Divided Iran enters 2010 after year of deadly protests

Tehran, December 31: A divided Iran enters 2010 after a year marked by recurring deadly protests against President Mahmoud Ahmadinejad — some of the worst demonstrations since the shah’s fall — and tensions with the West over its nuclear drive.

The protests, which erupted after Ahmadinejad’s re-election, shook the pillars of the 30-year-old Islamic regime, split its clerical elite and prompted supreme leader Ayatollah Ali Khamenei to publicly support the president.

The deepening political schism has turned some of those who helped build the regime after the 1979 Islamic revolution into its most bitter critics.

While Iran in 2010 is likely to continue on the path of confrontation over its nuclear drive, domestically it will be preoccupied with political upheaval and trying to bolster its dilapidated, inflation-stoked economy.

Hundreds of thousands of protesters who supported Mir Hossein Mousavi — Ahmadinejad’s main rival in the June 12 election — flooded Tehran’s streets after the vote, claiming it was rigged.

The streets echoed with anti-Ahmadinejad slogans such as “Give back our stolen votes” and “Death to the dictator”, which continue to reverberate six months later.

Dozens were killed in running street battles as protesters clashed with Islamist militiamen and security forces who fired tear gas and beat them with batons and steel chains.

Despite the initial crackdown, demonstrators have since taken every opportunity to stage anti-government rallies, most recently during Sunday’s Shiite Muslim Ashura ceremonies, memorials for dissident cleric Grand Ayatollah Hossein Ali Montazeri who died on December 19, and Students Day on December 7.

On Sunday, eight people were reported killed, among them Mousavi’s nephew Seyed Ali. Police said “terrorists” killed him in an incident unrelated to anti-government riots.

Scores of opposition figures were rounded up after the latest protests, and police arrested 500 “rioters”.

Ex-premier Mousavi, reputed for steering Iran’s economy during the war with Saddam Hussein’s Iraqi forces in the 1980s, has become the leading light of the widely divergent but mainly young opposition movement.

Mousavi, former president canidadate Mehdi Karroubi, and other leading opposition figures such as Akbar Hashemi Rafsanjani and Mohammad Khatami are now accused by the authorities of being “riot leaders”.

On Wednesday, IRNA news agency said some MPs and leaders have emphasised that the “prosecution of the heads of the sedition has become a public demand”.

Amnesty International says human rights violations in Iran are as bad as at any time in the past 20 years and has urged authorities to probe allegations of “torture, rape and unlawful killings”.

The crackdown has seen top reformists jailed and prosecuted in what the opposition has branded “show trials”, while restrictions have been imposed on the media, including barring foreign journalists from covering protests.

Several Iranian reporters for foreign media have been arrested, including an AFP journalist detained for four days in November.

But cyber-savvy protesters have side-stepped many restrictions by posting pictures and videos of wounded demonstrators — filmed on mobile phones — on social networking sites Facebook and Twitter and on video-sharing site Youtube.

The authorities have reacted by slowing down Internet speed and regularly cutting mobile phone networks.

Tehran has stridently accused foreign powers Britain, the United States and Israel of stoking the unrest.
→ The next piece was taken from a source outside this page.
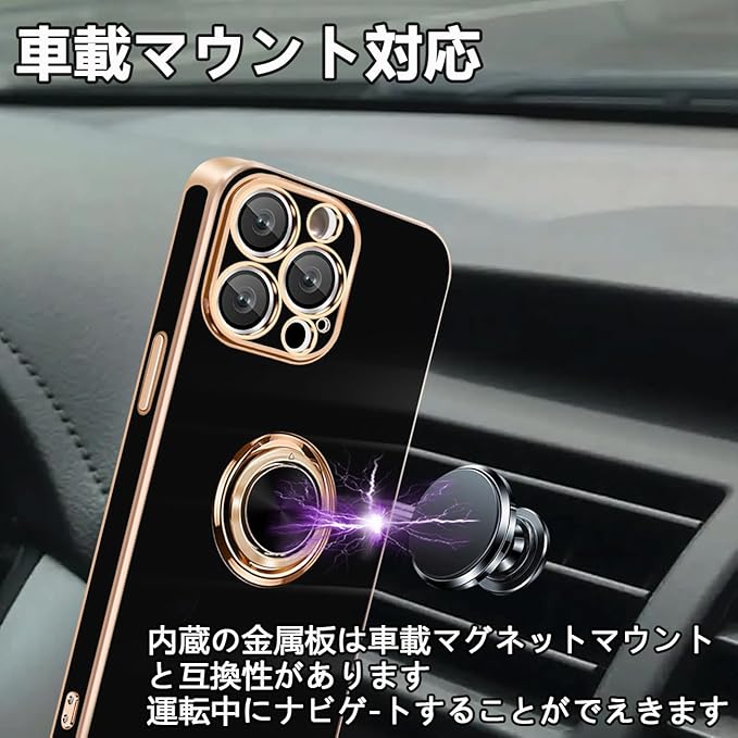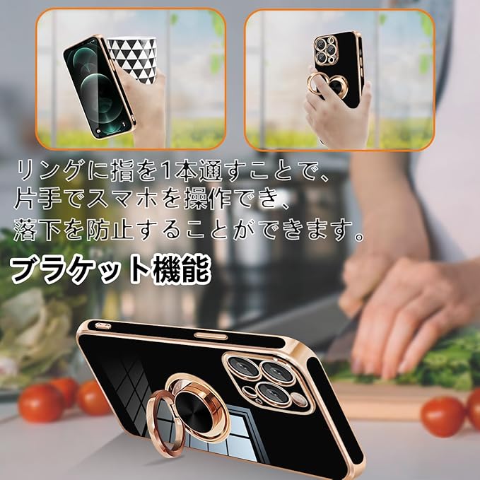 SIG iphone 12ProMax ケース リング付き カバー メッキ加工 耐衝撃 車載ホルダー アイホン 12プロマックス ケース 360 回転 スタンド機能 ストラップホール付き スマホケース 米軍MIL規格 SGS認証 TPU 滑り止め 衝撃吸収 携帯ケース カメラ保護 ソフト 12ProMaxケース 6.7インチ用(ブラック)

Two British diplomats in Tehran were deported while nine embassy employees were arrested on charges of fomenting violence.
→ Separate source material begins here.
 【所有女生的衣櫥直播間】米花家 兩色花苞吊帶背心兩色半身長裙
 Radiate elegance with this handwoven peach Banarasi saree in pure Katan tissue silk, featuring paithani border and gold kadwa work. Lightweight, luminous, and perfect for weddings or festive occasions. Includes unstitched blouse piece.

World powers led by US President Barack Obama meanwhile are frustrated with Tehran’s refusal to come clean on its nuclear programme and have threatened it with a fourth round of UN sanctions.

The crisis escalated after Iran rejected a UN-brokered nuclear fuel deal and disclosed it was building a second uranium enrichment plant near the shrine city of Qom.

The disclosure further angered world powers, which suspect Iran is secretly making an atom bomb. Tehran says it is pursuing nuclear technology purely to produce electricity.

Obama, who began his presidency by making diplomatic overtures to Iran, lumped with North Korea and Iraq as “axis of evil” by his predecessor George W. Bush, now warns that “time is running out” for the Islamic republic.

Russia, Iran’s longest-serving nuclear partner, and China were among 25 UN atomic watchdog member countries which censured Tehran for building the Qom plant, in a major diplomatic blow to Iran.

Ahmadinejad responded by declaring Tehran would build 10 more enrichment plants, setting the stage for a clash with the West over the atomic drive which arch-foe Israel says will be halted militarily if necessary.

On December 16, a typically defiant Iran test-fired what it said was a faster version of a medium-range missile that could strike Israel, drawing international censure and warnings of “serious” fallout.